Another way of looking at this is saying we would like some class of functions of the form $`{ f_k: X^k \times \theta \rightarrow \mathbf Y^k }_{k \in \mathbf N}`$ where a change in permutation to the inputs is matched by a corresponding change in permutation to the outputs, i.e. each `f_k` is equivariant (excluding the parameter-space). This encompasses a greater space of possible functions than applying a simple transformation to each vector, as it allows the transformation of each vector to depend on other vectors in the set. We’ll call this largest category ‘set operations’ where set transformations are a subset. These will be useful later when we discuss deep set networks, and self-attention.

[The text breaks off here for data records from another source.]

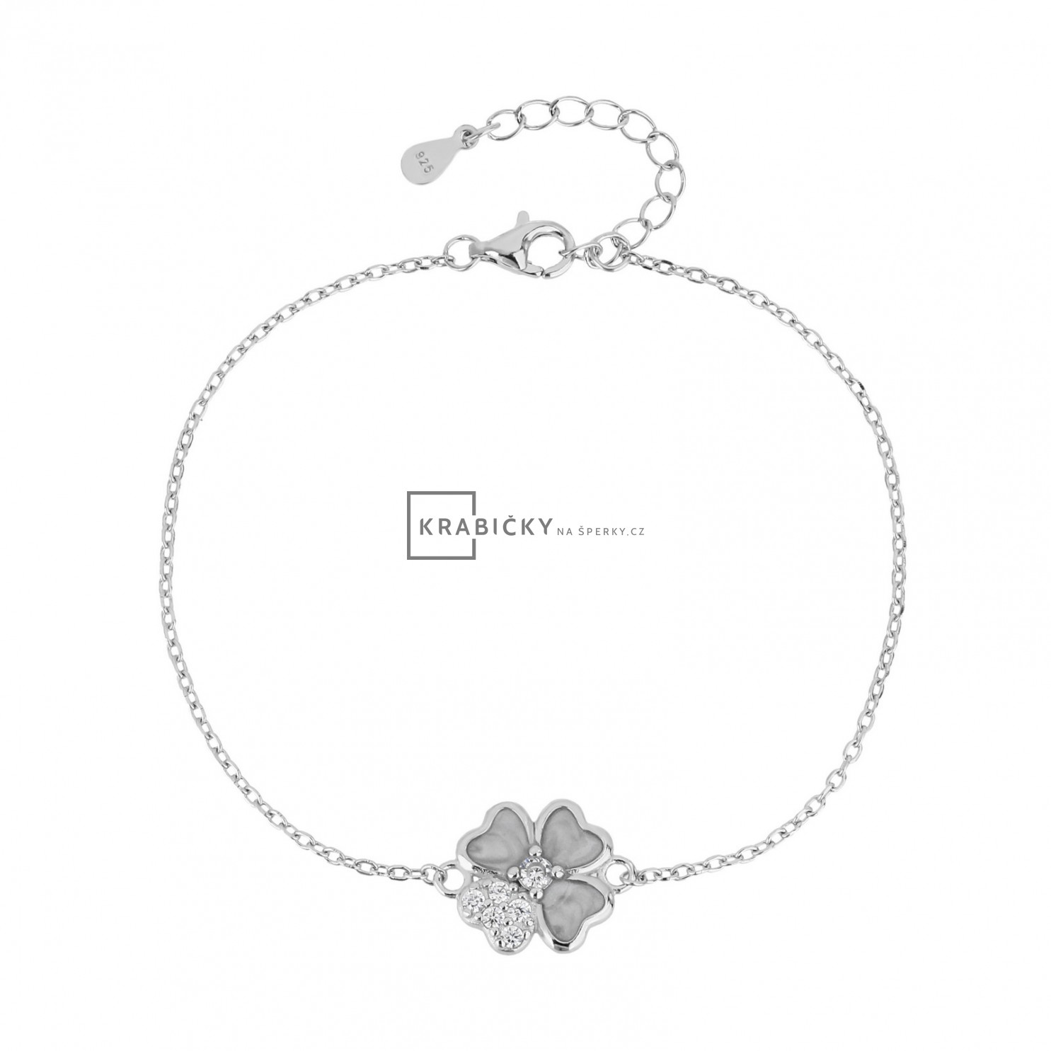 Stříbrný náramek s bílým zirkonem, anker, 17 - 20 cm, 2,51g, šperk je rhodiován,
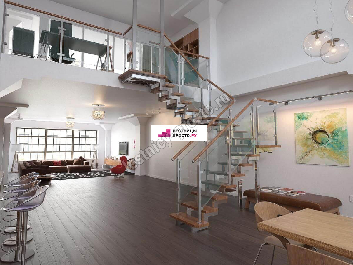 | Лестница Prosto Due 40×80 п-образная, ступени лиственница |
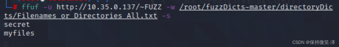 ffuf -u http://10.35.0.137/~secret/.FUZZ -w /root/fuzzDicts-master/directoryDicts/Filenames_or_Directories_All.txt -
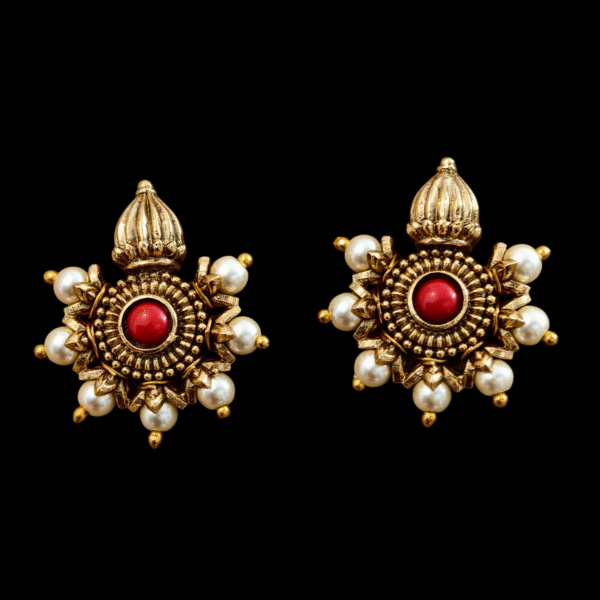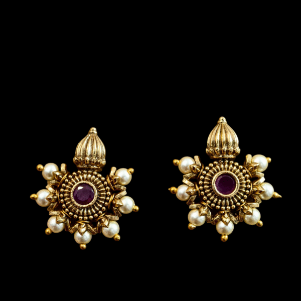 Antique finish ruby with pearl pushback studs
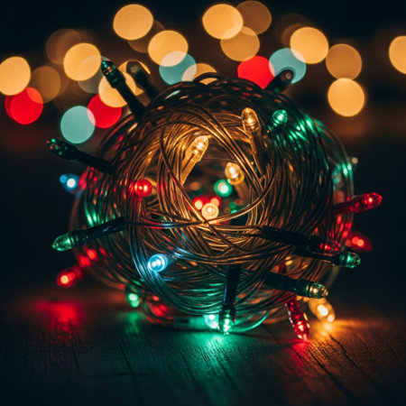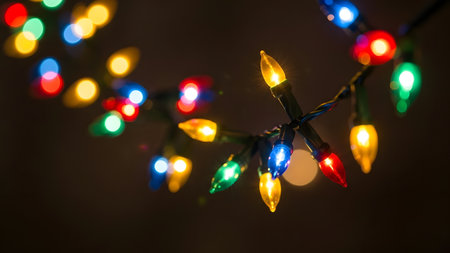 A vibrant string of multicolored Christmas lights against a dark background, creating a festive and cozy atmosphere. The lights are in sharp focus in the foreground, while the rest of the string is blurred, adding depth to the image.
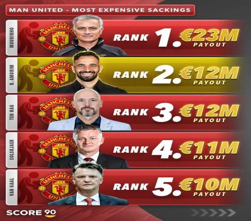 近日,Score90列出了曼聯(lián)歷任主帥解約賠償金排行榜,穆里尼奧的解雇費(fèi)用位列第一,達(dá)到2300萬歐,而阿莫林與滕哈格以1200萬歐并列其后。
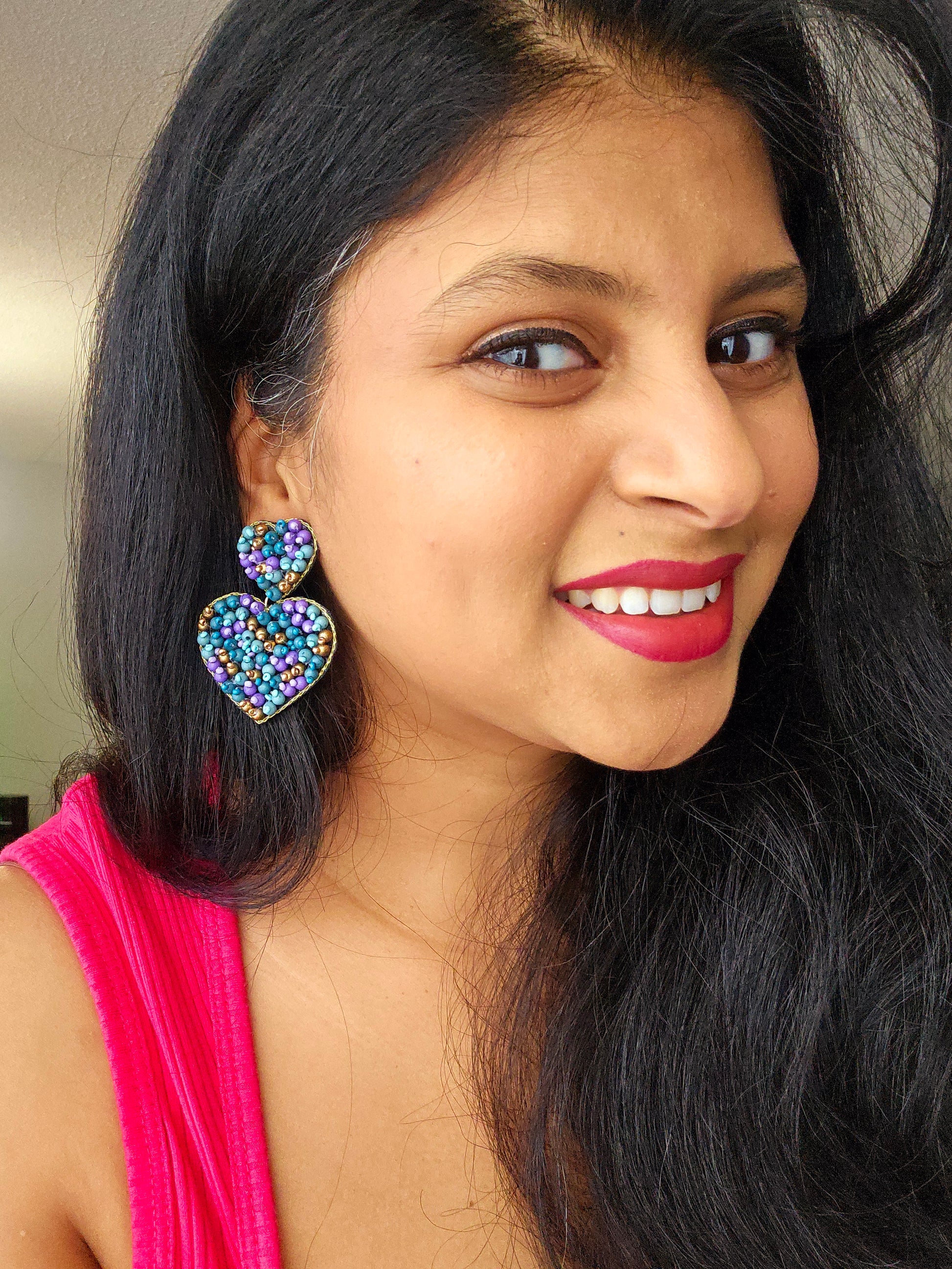 The heart-shaped design is adorned with an array of captivating beads in enchanting shades of blue, complemented by the richness of purple and the warmth of golden accents. The meticulous hand embroidery creates a texture that not only adds depth to the design but also captures the play of light, making these earrings a dazzling statement piece.
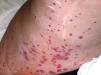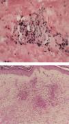 A y B). La biopsia de la piel afectada mostrada en la imagen anterior presenta en el panel superior, infiltrado en la dermis papilar, con extensión a la dermis reticular (40×) y un acercamiento, en el panel inferior, del infiltrado que ocupa toda la pared del vaso sanguíneo, con leucocitoclasia (100×, HE).

Putting everything together

We can now combine this set operation with our pooling operation to obtain a set representation. While we could use this set representation directly, personal experience suggests that it’s better to feed this representation into a final fully connected network (presumably as this allows the set operation to focus on preserving as much information as possible when pooled).

Deep set networks

While the technique described above is surprisingly powerful, it’s still rather primitive: Elements are naiveley embedded into a higher dimensional space and then pooled to get a single representation. While this can (and often does) give perfectly good results on a variety of task, it can be brittle in certain situations, for example, on point clouds with extreme variations in scale. While the set networks above may be deep in terms of a number of individual layers, they are shallow in that they only produce a single set representation. We would like networks that produce multiple sucessively more refined set representations, i.e. deep set networks.

Enhanced element embeddings

An obvious potential enhancement to our architecture would be to use some statistics about the set to help inform the transformation process. Essentially, we would like the embedding of each element to be dependent on other elements in the set. For example, we could first normalise our inputs by dividing by the standard deviation of the set and subtracting the mean. This is a step in the right direction, however, rather than fixed statistics and operations, it would be better if we could enable our architecture to learn these by itself.

There are many ways to do this, but for now we will look at at simple extension to our set transformation. For this we need a netwrok which takes two inputs, net(x,y). Now, given an input tensor <v1, v2, ..., vn> and a set statistic s, we can get a new tensor <net(v1,s), net(v2,s), ..., net(vn,s)> which can use this set-statistic to alter the transformation. We call this type of operation a ‘contextual set transformation’. Contextual set transformations are a subset of set operations, and a superset of set transformations.

There are many different choices for net(x,y), but we will consider the simple case where net(x,y) is a fully connected neural network with dim(x)+dim(y) inputs and d outputs, where x and y are concatenated and the resulting vector is fed into the network.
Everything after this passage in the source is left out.